3.3.2. Composition and Specific Criteria for the Nomination of Membersof the Audit Committee. It shall be composed of at least three (03) members, of which (a) at least one member shall be one of the Company’s Independent Directors; (b) at least one member shall have recognized experience in corporate accounting matters, pursuant to CVM Instruction No. 308 of May 14, 1999, as amended, which provides for the registration and exercise of the independent auditing activity within the scope of the securities market and defines the duties and responsibilities of the administrators of the audited entities in the relationship with independent auditors; (c) the same Committee member can have both characteristics described in items (a) and (b); and (d) all Committee members must meet the requirements set forth in article 9 of BACEN Resolution 130/2021: (d.1) not be, and not having been, in the last twelve (12) months: (i) an officer of the Company, its parent company, or its direct or indirect affiliates, subsidiaries or jointly-controlled subsidiaries; (ii) an employee of the Company, its parent company, or its direct or indirect affiliates, subsidiaries or jointly-controlled subsidiaries; (iii) technician in charge, officer, manager, supervisor or any other member, with management function, of the team involved in the Company’s audit work; and (iv) member of the Fiscal Council of the Company, its parent company or its affiliates, subsidiaries or jointly-controlled subsidiaries, directly or indirectly; (d.2) not be a spouse, companion or relative in a direct line, collateral line or by affinity, up to the second degree of the people referred to in item “d.1” “i” and “iii”; (iii) not receive any other type of compensation from the Company, its parent company or its affiliates, subsidiaries or jointly-controlled subsidiaries, directly or indirectly, that is not related to his function as a member of the Audit Committee, except as provided in Article 2.6.1. of the Internal Rules of the Audit Committee; and (d.4) not to hold positions, especially on advisory, management or fiscal boards, in companies that may be considered as competitors in the market or in which a conflict of interest may arise.

3.3.2.1. Specific Prohibition. Members of the Company’s Fiscal Council, when established, are not allowed to participate as members of the Audit Committee.

3.3.3. Composition of Finance Committee. It shall be composed of at least three (03) members, being (a) preferably composed of members of the Board of Directors and (b) one of its members, at least, shall be one of the Company’s independent directors (in accordance with the definition of “Independent Director” provided for in the Novo Mercado Listing Regulation of B3 S.A. – Brasil, Bolsa, Balcão).

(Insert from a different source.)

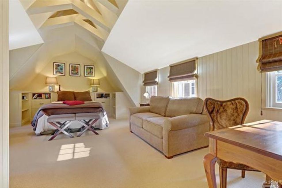 Totalling 11,500 square feet, this nice little home is comprised of six separate buildings. Six of the bedrooms (and the kitchen) are located in the 6,000-square-foot main house, and everything else is spread out over the other five buildings. So, if you really hate your roomates (or your mother-in-law) you can always banish them to the furthest barracks without any supper.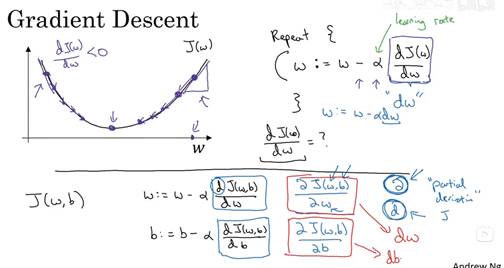 另外,想要明确一下在微积分的符号约定中,dJ/dω表示为αJ/αω,当J有两个以上的变量时,使用α来代表偏导数符号。使用α还是d取决于函数的变量个数。

3.3.4. Composition of the Corporate Governance Committee. It shall be composed of at least four (04) members, of which at least one shall be an Independent Director, and the Company’s Chief Executive Officer as a permanent member of said Committee.

3.3.4.1. Composition of the Ad Hoc Corporate Governance Committee. Subject to the parameters set forth in the Company’s Policy on Transactions with Related Parties and other Situations Involving Conflict of Interest , the transactions between the Company and any of its Controlling Shareholders will be evaluated by the Ad Hoc Corporate Governance Committee to recommend the matter for resolution by the Board of Directors, and this Committee, on an exceptional basis, shall be composed of up to two more Independent Directors, in addition to the Coordinator, and the referred board member(s) shall be summoned to assess the matter as ad hoc member(s) of the Committee, replacing the member(s) nominated by the conflicted controlling shareholder(s).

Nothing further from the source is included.